I'll attempt a more concise [er, longer it seems] version, covering some details I know you know but for the benefit of others.
The PPU has long and short frames. Long frame is 341*262=89342 PPU clocks, or 29780 2/3 CPU clocks. If rendering is disabled, you get all long frames. Looking at where CPU cycles fall on the first scanline, it cycles through three positions:
Code: Select all
0--1--2-- frame 1
-0--1--2- frame 2
--0--1--2 frame 3
0--1--2-- frame 4
-0--1--2- frame 5
--0--1--2 frame 6
...If rendering is enabled, you get an alternation between long and short frames (a short frame is one PPU clock shorter than a long). This causes the position of the CPU cycles on the first scanline to only toggle between two positions:
Code: Select all
0--1--2-- frame 1
-0--1--2- frame 2
0--1--2-- frame 3
-0--1--2- frame 4
0--1--2-- frame 5
-0--1--2- frame 6
...So your code is delaying one extra CPU cycle every other frame, and the PPU is skipping a pixel every other frame. When you delay an extra clock, you effectively move your image three pixels to the right. On long PPU frames, the PPU effectively moves the image to the left by one pixel, and on short, to the left by two pixels. You have a choice as to which PPU frames you delay an extra CPU clock on, either short or long. You want to delay the extra clock and move your image right three pixels on frames that the PPU moves it two to the left, so that they result in only one pixel shift right.

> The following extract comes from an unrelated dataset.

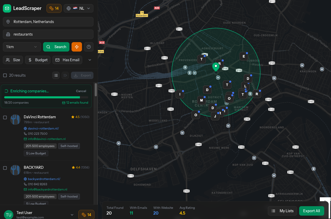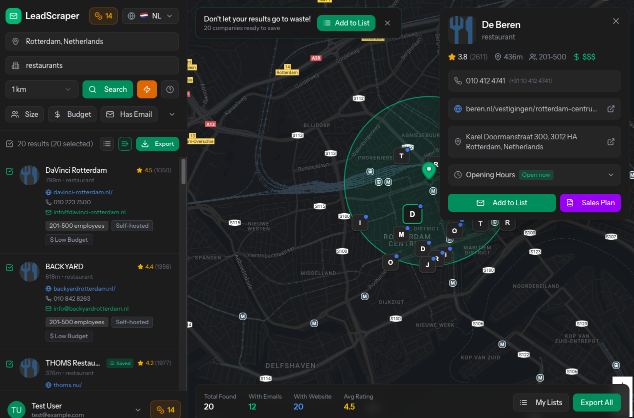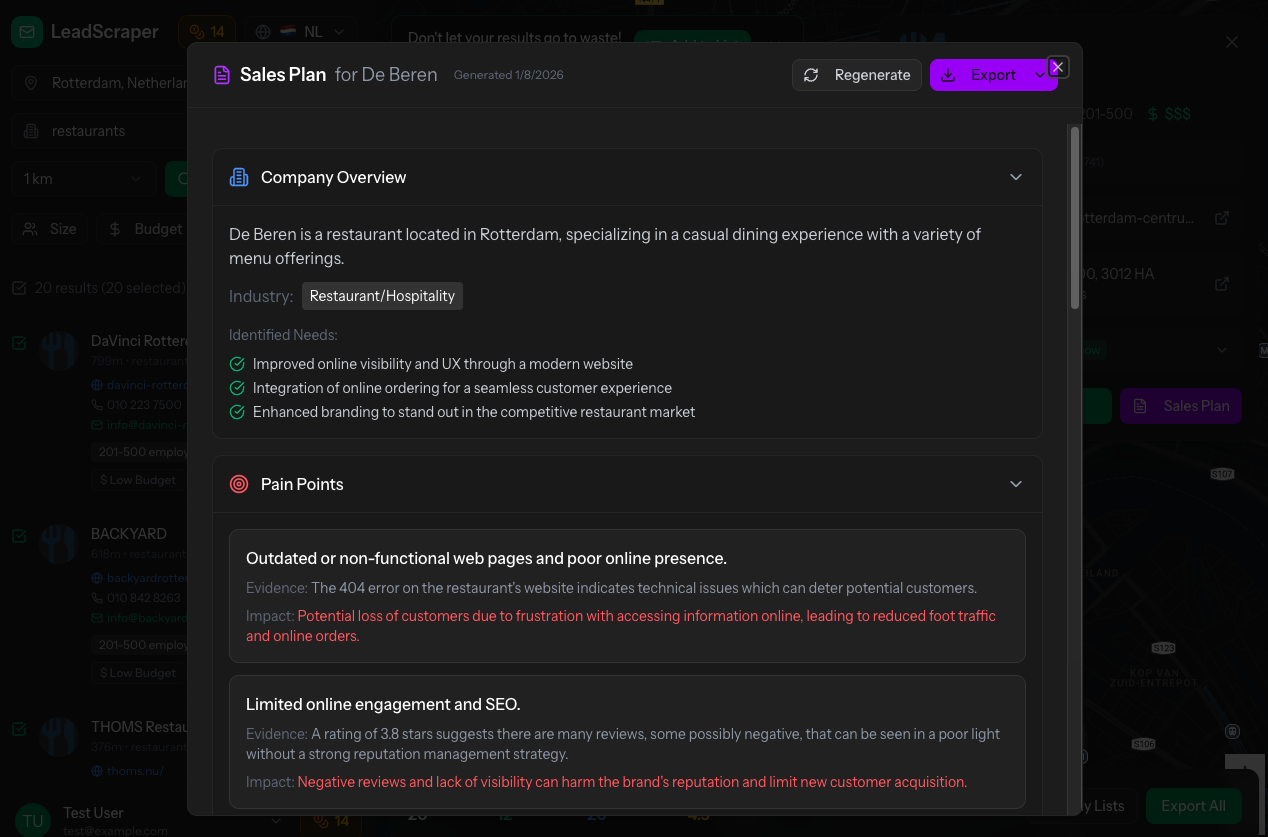 Een complete B2B lead generation tool die lokale bedrijven vindt, contactgegevens ontdekt, en AI-gestuurde sales strategieën genereert. Alles in één platform.

If you do it wrong, you'll move the image three pixels right when the PPU moves it only one to the left, resulting in it moving a total of two to the right. Then on the next frame, the PPU will move it two to the left, and you'll have much more noticeable shaking.
Code: Select all
0--1--2-- frame 1
--0--1--2 frame 2
0--1--2-- frame 3
--0--1--2 frame 4
0--1--2-- frame 5
--0--1--2 frame 6
...